Большой проблемой стало воспрепятствовать эвакуированным вернуться назад, в Згу, к чему многие очень стремились. Поэтому и здания, и весь периметр Каймы тщательно охранялся. Встал вопрос… о принятии радикальных мер, которые смогли бы…
Взгляд учёной дамы тускнел – терялся. Речь утратила прежний напор. – Наверное, об этом лучше расскажут более компетентные господа.
– Не в компетенции дело, – строго сказал генерал Паслён, – Компетенции нам друг у друга не занимать. Конкретнее? Да. Встал вопрос. И не решать его было нельзя. И не амбиции наши, как, вероятно, вы думаете. И не карьеры и не личные выгоды – смею уверить. Плевали мы на выгоды, на карьеры. Когда дело принимает такой оборот. Судите сами – около пяти тысяч человек, выведенных из строя, не поддающихся лечению, оголтело рвущихся назад в Згу, к этому проклятому Стволу, откуда исходят эти проклятые излучения. Они не задерживаются ничем, ни слоем земли, ни бетоном, ни свинцовыми экранами. Они действуют на большой территории и зона действия их увеличивается, и интенсивность их возрастает, они превращают людей в параноиков, в задумчивых безвольных идиотов.
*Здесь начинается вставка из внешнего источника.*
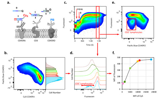 In order to demonstrate amplification (Figure 2bandFigure 3a), we first applied conjugates of anti-CD19 and anti-CD45 antibodies with duplexes Cy5- (1 was labeled here with Cy5) and (1 was unlabeled), respectively. The ratio of oligonucleotide-to-antibody for CD19 was about 1.9 and for CD45 was about 1.2. Further, to confirm the subpopulation at which the cascade occurs, we also additionally labeled B cells within PBMCs with anti-CD20 antibodies conjugated with Pacific Blue fluorochrome. Once the conjugates had been deposited, we added fluorescein-labeled complex (F--FQ) to the solution and then initiated the cascade with 0 (Figure 3c, addition events are shown by red arrows).

– Не совсем так, – возразила Муравьёва, – Категории психиатрии в данном случае не…
– В безвольных идиотов! Которые любыми ухищрениями пытаются вырваться из-под стражи, вернуться назад. Чтобы стать ещё большими идиотами. Вся территория за Каймой брошена без надзора. И границы Каймы раздвигаются. Что происходит? Что произойдёт? Уж, наверное, ничего хорошего.
– А вы спросили тогда хотя бы у одного из нас, згинцев, сподобных? Что происходит? Что надо делать? Чего не надо делать? – остро взблеснула глазами Вела, слишком остро, я снова взял в ладонь, слегка сжал её пальцы – «спокойней, спокойней», – Вы вспомнили о нас сейчас, когда сделано то, чего не только нельзя было делать, о чём нельзя было даже думать.
– Сподобные – несподобные… – озабоченно проговорила Муравьёва, – В этом аспекте мы не обследовали згинцев. Здесь наше упущение. Хотя мы предполагали, что имеются таковые.
– Для нас вообще непостижимо, – сказал я, – Как можно исследовать явление, причём столь крупномасштабное, без участников этого явления? Как можно изучить феномен Зги без самих згинцев?
– Мы работали, общались с некоторыми згинцами, – ответила Муравьёва, – С оставшимися, в основном пожилого возраста. Но, честно говоря, от них было мало проку.
– Ладно, – заключил я, – Было – не было. Можно – нельзя. Что теперь рассуждать. Итак, вы решили взорвать в Стволе атомный заряд, чтобы погасить излучения. Клин клином, что называется, да?
– Вначале мы хотели взорвать обычный заряд, и полностью заблокировать Ствол, соединяющий объект с поверхностью, – объяснил генерал Ниткин, – Но наблюдения показали, что даже тысячеметровый слой земли не является большим препятствием для излучений. Потом возникла идея произвести в Стволе закрытый взрыв небольшого ядерного устройства, направив его ударную волну и радиационное излучение вниз, на объект. Поскольку объект нематериален, разрушить его было нельзя. Но радиация, световой удар и температура должны были воздействовать на излучения объекта и полностью их нейтрализовать. Очень непросто было получить разрешение на это. Мы получили. Ситуация была чрезвычайной, угрожающей, и других мер защиты у нас не было. Специалисты провели расчёты и подобрали необходимый по мощности заряд.
– Расчёты? – удивилась Вела, – Вы умудрились рассчитать неисследованный нематериальный объект, не имея представления о его природе?
– Расчёты априорные, вероятностные, – неохотно процедила Муравьёва, – По гипотетической модели. Не все были согласны с расчётами. И вообще, с этой идеей.
– Ну и что потом, после взрыва?
– Сразу после взрыва закрылась Кайма, – ответил Паслён, – Стала непрозрачно белой и непроницаемой для людей и техники.